• _DATA PROVIDED_:
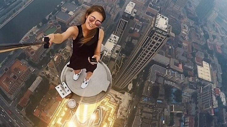 Pentru a le obține, tânăra se caţără pe cele mai greu accesibile clădiri şi alege punctul cel mai periculos.
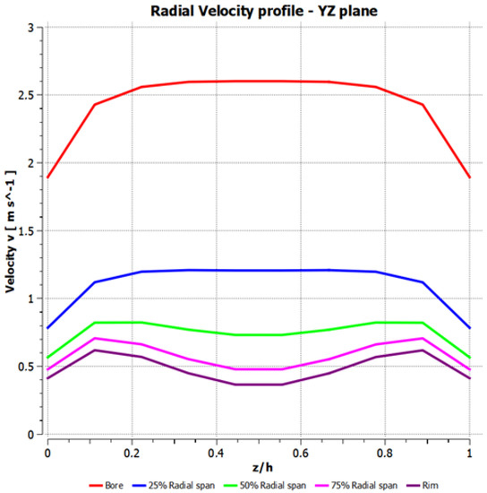 The solutions to the derived Navier–Stokes equations with the volute loss model and velocity profiles are discussed in this section. Initially, the solutions are generated with Talluri’s velocity profile in order to explore the validity of the volute loss modelling.
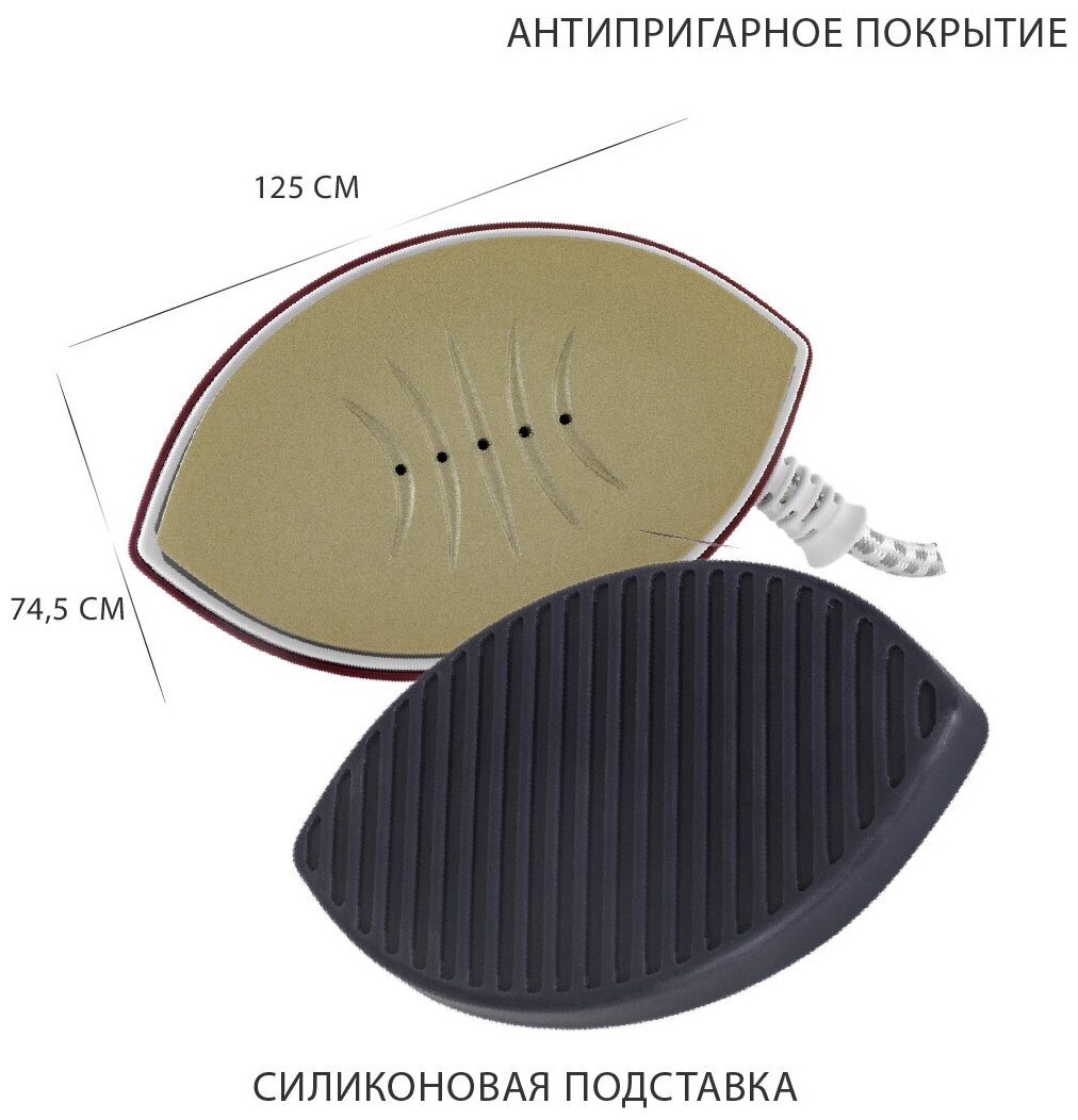Travel compact Pioneer steam with non-stick soleplate and protective silicone stand, 499 W
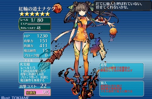 スキル「火尖槍」・・・15秒近接攻撃になり攻撃と防御が2.0倍。ブロック数+1、防御と魔法耐性を無視する
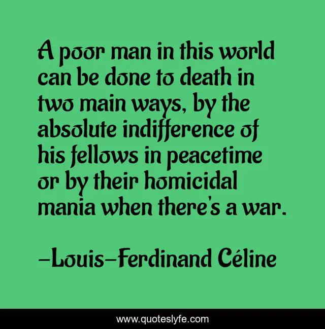 This page presents the quote "A poor man in this world can be done to death in two main ways, by the absolute indifference of his fellows in peacetime or by their homicidal mania when there's a war.". Author of this quote is Louis-Ferdinand Céline. This quote is about celine, poverty, war, poor-man,.
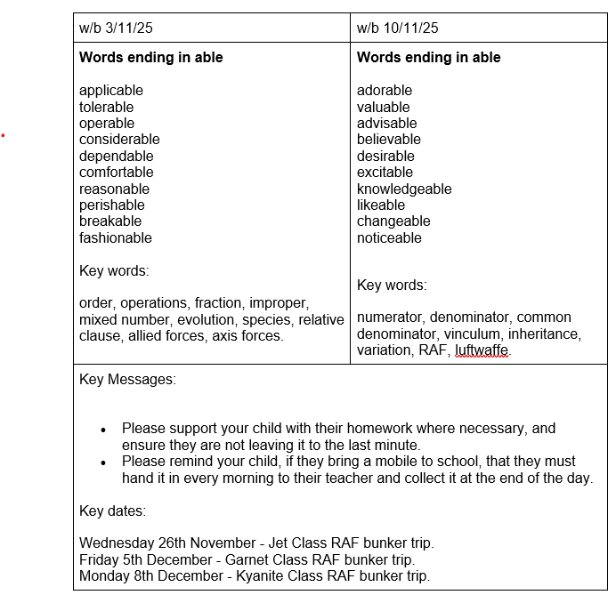 Key Messages: 11th November - Anti-bullying Workshop 14th November - Odd Socks Day 21st November - Nasal Flu Vaccination 24th November - Moonstone Class Assembly 9am 25th November - Peridot Class Assembly 9am 26th November - Starlite Class Assembly 9am
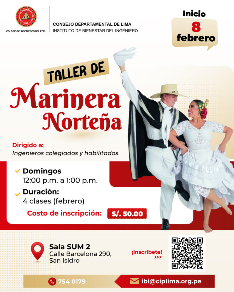 El Instituto de Bienestar del Ingeniero del Consejo Departamental de Lima – CIP presenta su Taller de Marinera Norteña, dirigido a ingenieros colegiados y habilitados.
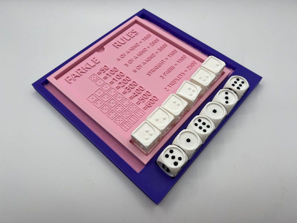 I created an accessible dice game fit with a Traditional Set and a Braille Set. Both sets include their respective rules and dice.
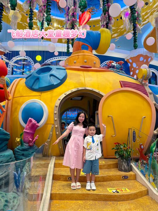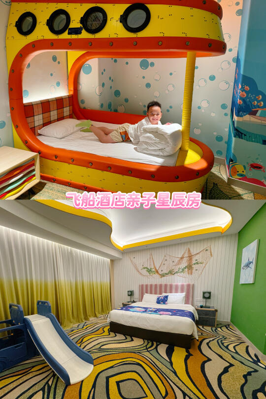 晚上入住飞船酒店亲子星辰房,体验再升级🌟推门仿佛踏入太空舱,天花板繁星闪烁,专属儿童床、滑梯,细节贴心🛝最棒是超便捷,楼下就是飞船乐园,玩累了分分钟“回舱”躺平
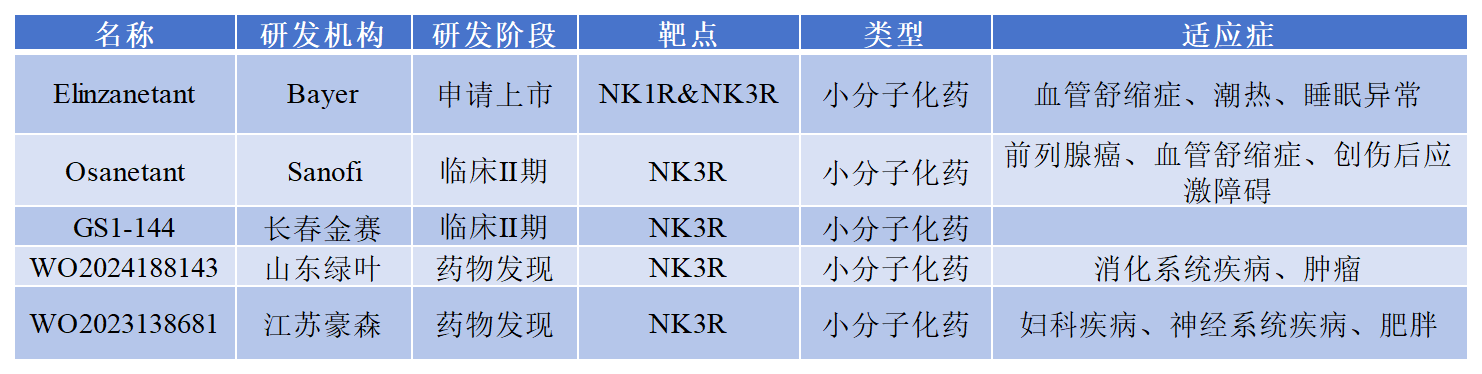 Fezolinetant(非唑奈坦)是全球首個可口服的非激素類NK3R拮抗劑,用于治療因絕經(jīng)引起的中度至重度血管舒縮癥狀(VMS)。2024年12月22日,長春金賽藥業(yè)旗下產(chǎn)品GS1-144開展治療絕經(jīng)期血管舒縮癥的二期臨床試驗。
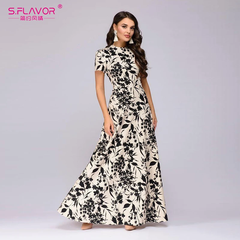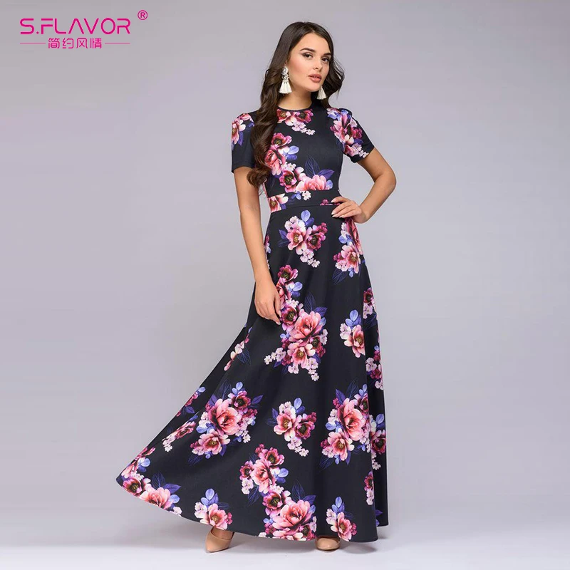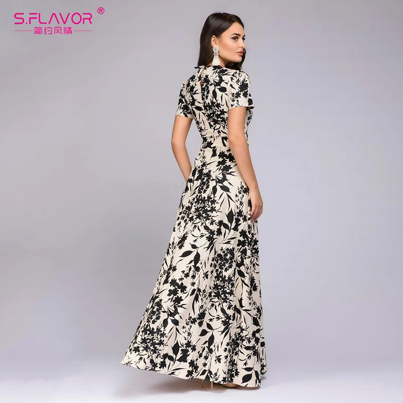 Special Offer S. FLAVOR mujer vestido largo manga corta estampado Floral Boho vestido elegante vestido de fiesta Maxi vestido de fiesta Discount 51% Today!
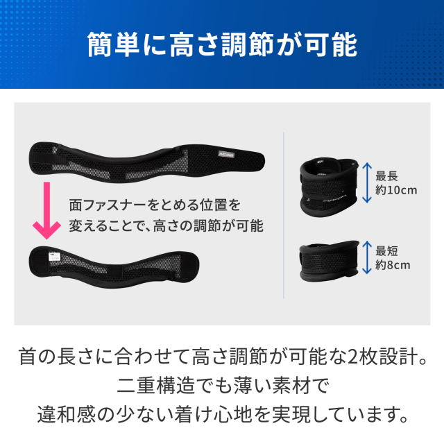 首の長さが8cm以下の方が装着すると首に強い圧迫がかかる可能性があります。

• _TASK_: Omit the pictures and output all remaining material exactly.

• _RESPONSE TO THE TASK_:
 Pentru a le obține, tânăra se caţără pe cele mai greu accesibile clădiri şi alege punctul cel mai periculos.
 The solutions to the derived Navier–Stokes equations with the volute loss model and velocity profiles are discussed in this section. Initially, the solutions are generated with Talluri’s velocity profile in order to explore the validity of the volute loss modelling.
Travel compact Pioneer steam with non-stick soleplate and protective silicone stand, 499 W
 スキル「火尖槍」・・・15秒近接攻撃になり攻撃と防御が2.0倍。ブロック数+1、防御と魔法耐性を無視する
 This page presents the quote "A poor man in this world can be done to death in two main ways, by the absolute indifference of his fellows in peacetime or by their homicidal mania when there's a war.". Author of this quote is Louis-Ferdinand Céline. This quote is about celine, poverty, war, poor-man,.
 Key Messages: 11th November - Anti-bullying Workshop 14th November - Odd Socks Day 21st November - Nasal Flu Vaccination 24th November - Moonstone Class Assembly 9am 25th November - Peridot Class Assembly 9am 26th November - Starlite Class Assembly 9am
 El Instituto de Bienestar del Ingeniero del Consejo Departamental de Lima – CIP presenta su Taller de Marinera Norteña, dirigido a ingenieros colegiados y habilitados.
 I created an accessible dice game fit with a Traditional Set and a Braille Set. Both sets include their respective rules and dice.
 晚上入住飞船酒店亲子星辰房,体验再升级🌟推门仿佛踏入太空舱,天花板繁星闪烁,专属儿童床、滑梯,细节贴心🛝最棒是超便捷,楼下就是飞船乐园,玩累了分分钟“回舱”躺平
 Fezolinetant(非唑奈坦)是全球首個可口服的非激素類NK3R拮抗劑,用于治療因絕經(jīng)引起的中度至重度血管舒縮癥狀(VMS)。2024年12月22日,長春金賽藥業(yè)旗下產(chǎn)品GS1-144開展治療絕經(jīng)期血管舒縮癥的二期臨床試驗。
 Special Offer S. FLAVOR mujer vestido largo manga corta estampado Floral Boho vestido elegante vestido de fiesta Maxi vestido de fiesta Discount 51% Today!
 首の長さが8cm以下の方が装着すると首に強い圧迫がかかる可能性があります。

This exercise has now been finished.